## [EXERCISE PROMPT]
Please reproduce the lines of the records below from the one holding "Selling a pair" through the one holding "Lit white candle", inclusive, skipping all pictures.

[Records drawn from a dataset]

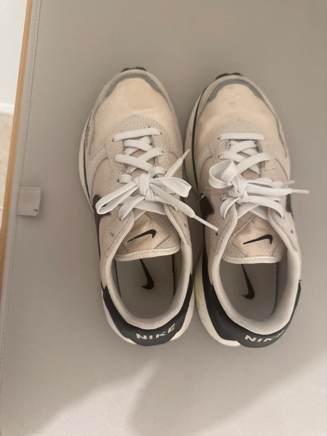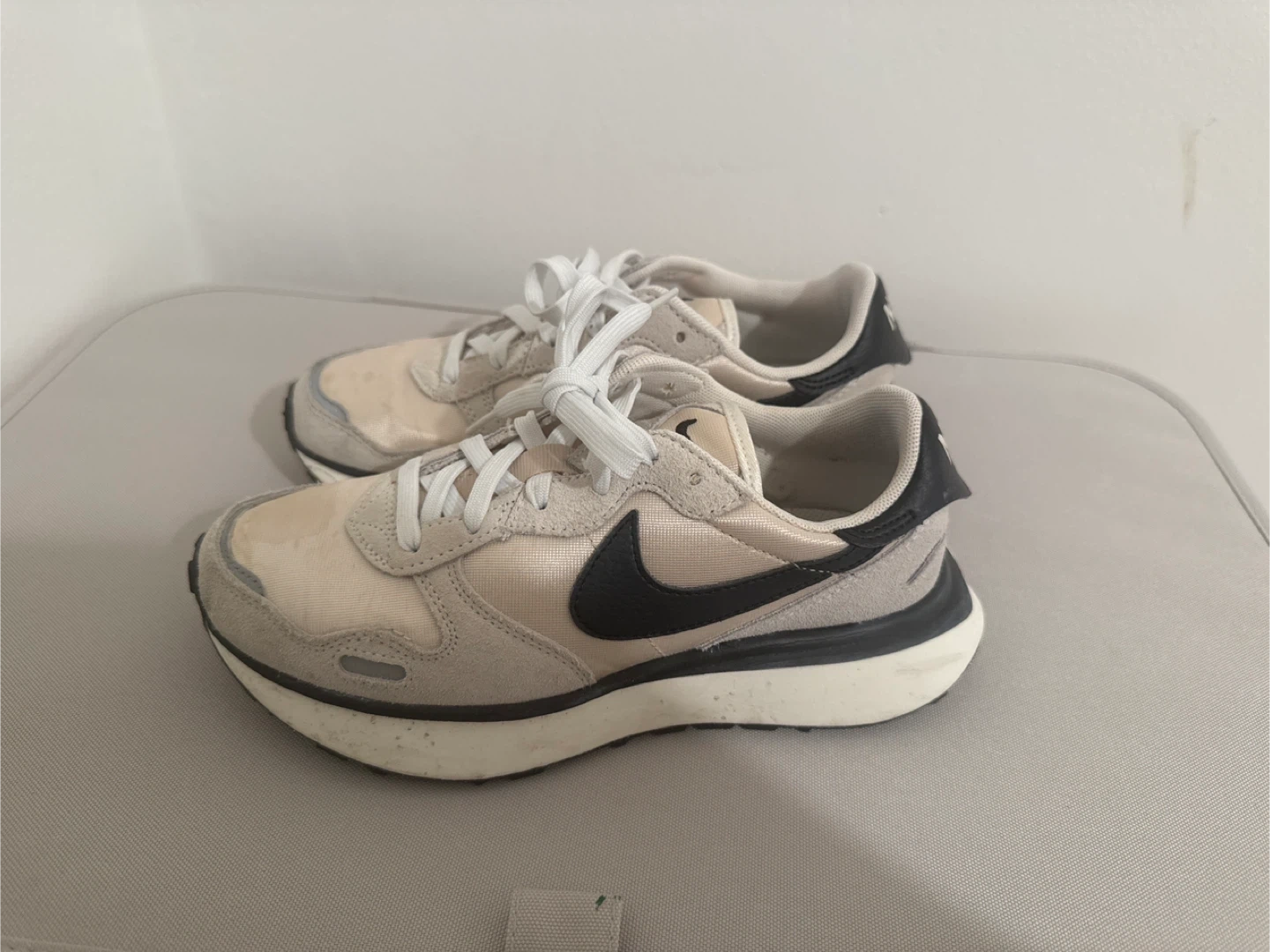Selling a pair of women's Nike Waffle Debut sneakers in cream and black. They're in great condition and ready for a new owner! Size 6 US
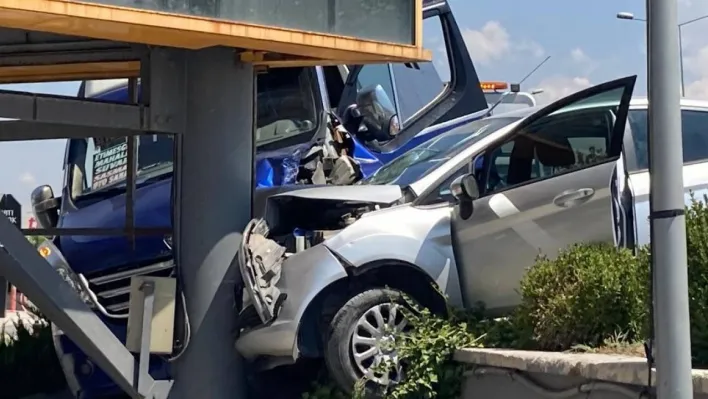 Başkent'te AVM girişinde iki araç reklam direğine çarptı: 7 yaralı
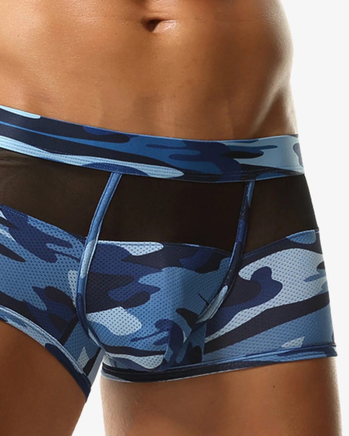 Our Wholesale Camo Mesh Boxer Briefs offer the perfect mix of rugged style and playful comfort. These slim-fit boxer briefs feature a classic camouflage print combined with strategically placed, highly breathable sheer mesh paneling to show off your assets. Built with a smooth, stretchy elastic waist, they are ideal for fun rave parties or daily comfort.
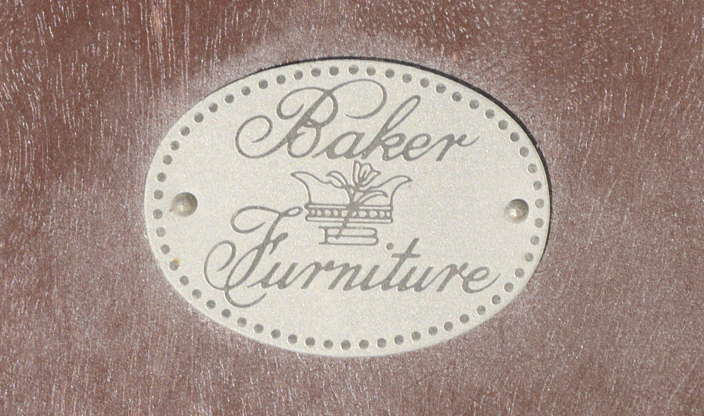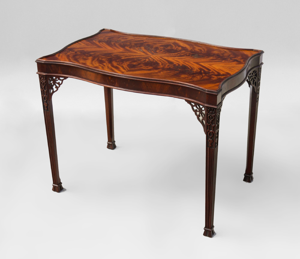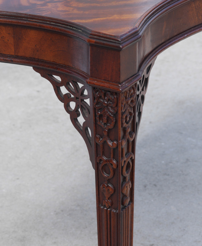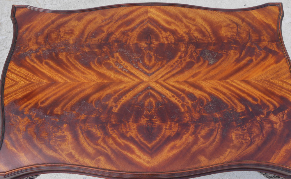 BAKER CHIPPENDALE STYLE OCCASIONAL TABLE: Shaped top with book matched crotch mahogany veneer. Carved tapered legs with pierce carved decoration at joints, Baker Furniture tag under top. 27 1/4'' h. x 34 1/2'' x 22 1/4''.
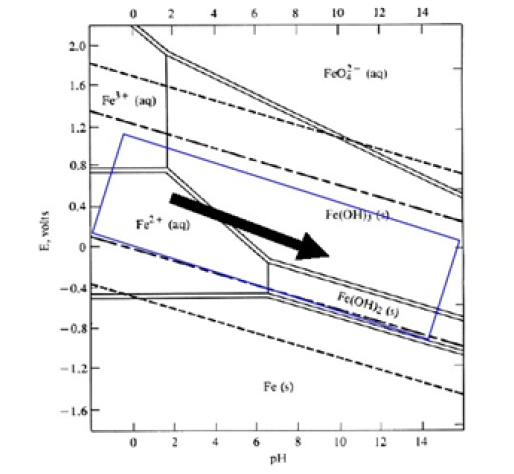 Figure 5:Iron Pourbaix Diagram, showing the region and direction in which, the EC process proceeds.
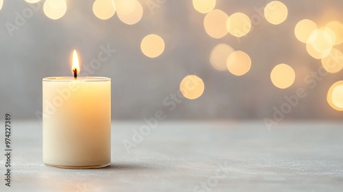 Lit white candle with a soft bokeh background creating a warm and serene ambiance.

* * *

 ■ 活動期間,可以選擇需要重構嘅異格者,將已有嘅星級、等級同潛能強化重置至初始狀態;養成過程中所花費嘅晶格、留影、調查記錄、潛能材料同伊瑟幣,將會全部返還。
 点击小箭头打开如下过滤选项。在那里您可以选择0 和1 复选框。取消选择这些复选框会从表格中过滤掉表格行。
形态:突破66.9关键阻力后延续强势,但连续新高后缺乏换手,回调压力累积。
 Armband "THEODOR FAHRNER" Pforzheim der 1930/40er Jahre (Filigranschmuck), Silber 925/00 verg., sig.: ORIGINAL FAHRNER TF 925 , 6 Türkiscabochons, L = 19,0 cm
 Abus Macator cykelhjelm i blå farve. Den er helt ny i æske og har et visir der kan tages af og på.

## [OUTPUT OF THE TASK]
Selling a pair of women's Nike Waffle Debut sneakers in cream and black. They're in great condition and ready for a new owner! Size 6 US
 Başkent'te AVM girişinde iki araç reklam direğine çarptı: 7 yaralı
 Our Wholesale Camo Mesh Boxer Briefs offer the perfect mix of rugged style and playful comfort. These slim-fit boxer briefs feature a classic camouflage print combined with strategically placed, highly breathable sheer mesh paneling to show off your assets. Built with a smooth, stretchy elastic waist, they are ideal for fun rave parties or daily comfort.
 BAKER CHIPPENDALE STYLE OCCASIONAL TABLE: Shaped top with book matched crotch mahogany veneer. Carved tapered legs with pierce carved decoration at joints, Baker Furniture tag under top. 27 1/4'' h. x 34 1/2'' x 22 1/4''.
 Figure 5:Iron Pourbaix Diagram, showing the region and direction in which, the EC process proceeds.
 Lit white candle with a soft bokeh background creating a warm and serene ambiance.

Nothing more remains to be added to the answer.